Top tips: Optimise your online presence

If you have a website, you must optimise it for search engines or you’re simply wasting money on hosting fees. Search engine optimisation (SEO) is what gets your website on page one of Google. The difference this makes to your traffic is incalculable. Companies spend thousands, if not hundreds of thousands, of dollars a year on consultancy fees or in-house expertise to keep their website on top. 

They’re willing to spend these vast sums because SEO can sound like a dark art. But, in reality, getting the basics right can be blindingly obvious. It’s a balance of engineering a website so that Google, Yahoo! and the like can understand how best to index it, without affecting its usability for real people. With a little guidance, even the most computer-illiterate person can have a stab at getting on the Google front page. 

1 Getting Started

Start with a clear idea of what your user is going to do on your website. 

Are they visiting because they want to buy something from you right there and then? Are you showcasing a particular speciality of your business? Are do they just to find contact details? Different users will take different journeys, so structure your site to get them to their goal as efficiently as possible. You need a logical structure reflected in a clear navigation.

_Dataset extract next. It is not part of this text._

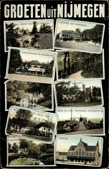 Ak Nijmegen Gelderland, Station, Belvedere, Concertgebouw, Valkhof met Monument, Holle Weg

Taking this to the extreme, if you are a commercial printer introducing a web-to-print service, you might launch a whole new site so rather than try to cater for two different audiences looking for different outcomes in a single site, you can divide the two and maximise the SEO capability. 

Even within a separate website there will be multiple audiences. For your web-to-print shop, there will be users who land on your homepage and are immediately interested in a special offer, but there will also be users who don’t and need guidance to find the right product. Good navigation with a clear hierarchical classification of categories and sub-categories is a must. 

2 Word perfect

A sensible, logical site structure means that you can create really well-targeted category pages that carry a good density of relevant keywords. 

Keywords are the words on a page of your website that match the words someone types into a search engine like Google. When optimising lower-level category pages, you can be really quite specific, which lowers the competition and therefore gives you a better chance of getting on page one. If you want to be 

the top-ranking letterpress printer in Wollongong, then you need to ensure your page carries terms users will search for. In this instance, “Wollongong” and “letter-press” are fairly obvious, but if you’re stuck for ideas then there are plenty of free tools on the web to give you a few prompts, not least of which is Google’s Keyword tool. 

The pages need to be optimised too, both in terms of the content and HTML structure and properties. Search engines pay a great deal of heed to hierarchies in web pages. Page title and page description are the most important elements in how search engines understand how to index a page. Use them sensibly: for example, the page title is a 68-character text string so don’t paste War and Peace here.

The content visible to your reader is equally important for SEO. You should use meta data, such as tags for headlines and titles, to show search engines that these elements are more important than the paragraph text that follows, while ensuring the text includes those keywords.

However, be careful not to overdo things. Ultimately you want people on your site more than search engines, so your copy should remain engaging – avoid ‘keyword  stuffing’.

The URLs for each page can also be optimised: myprint.com/wideformat/banners/vinyl&productid=123456 is much better than myprint.com/id=654321.

3 Points of Difference

If you’re selling products online, you might have lots of very similar pages with only small changes – business cards on different stocks, or photobooks with similar templates. 

To a search engine, this might look like a lot of pages of duplicate content and you can be penalised for duplication. One way round this is to use canonical URLs, as above, which is to standardise your URLs on a format so that a search engine can ignore variations as they all refer to the ‘master’ URL. 

There is plenty you can do outside your site to make search engines see it as worth visiting. For a start, register with them. Google, Bing and Yahoo! may be the first port of call, but in some countries different search engines rule – Baidu in China, Yandex in Russia. Also register your site with directories such as Dmoz.

Getting other relevant sites to link to yours will raise your profile with search engines and may help your search rank, but avoid ‘link exchanges’. Search engines are pretty wise to reciprocal links. Over time, you will accrue plenty of links, so it’s worth looking up a backlink checker (there are plenty of free backlink tools on the web) to see who’s linking to you.

Finally, measure how traffic is going. Google has a system called PageRank that indicates the overall importance of your site in the wider ‘webosphere’. Much more useful is the free Google Analytics service to analyse traffic. It’s pretty straightforward to sign up for an account and all you need to do is add a small piece of code to your web pages.

It’s essential to continually review your progress. Perhaps your registration form is too complicated. Perhaps you’ve placed your shopping basket where no one can find it. You’ll never know unless you track what users do on the site, how they got there, how often they visit, how long they spend on it, where they leave it and when, if ever, they come back.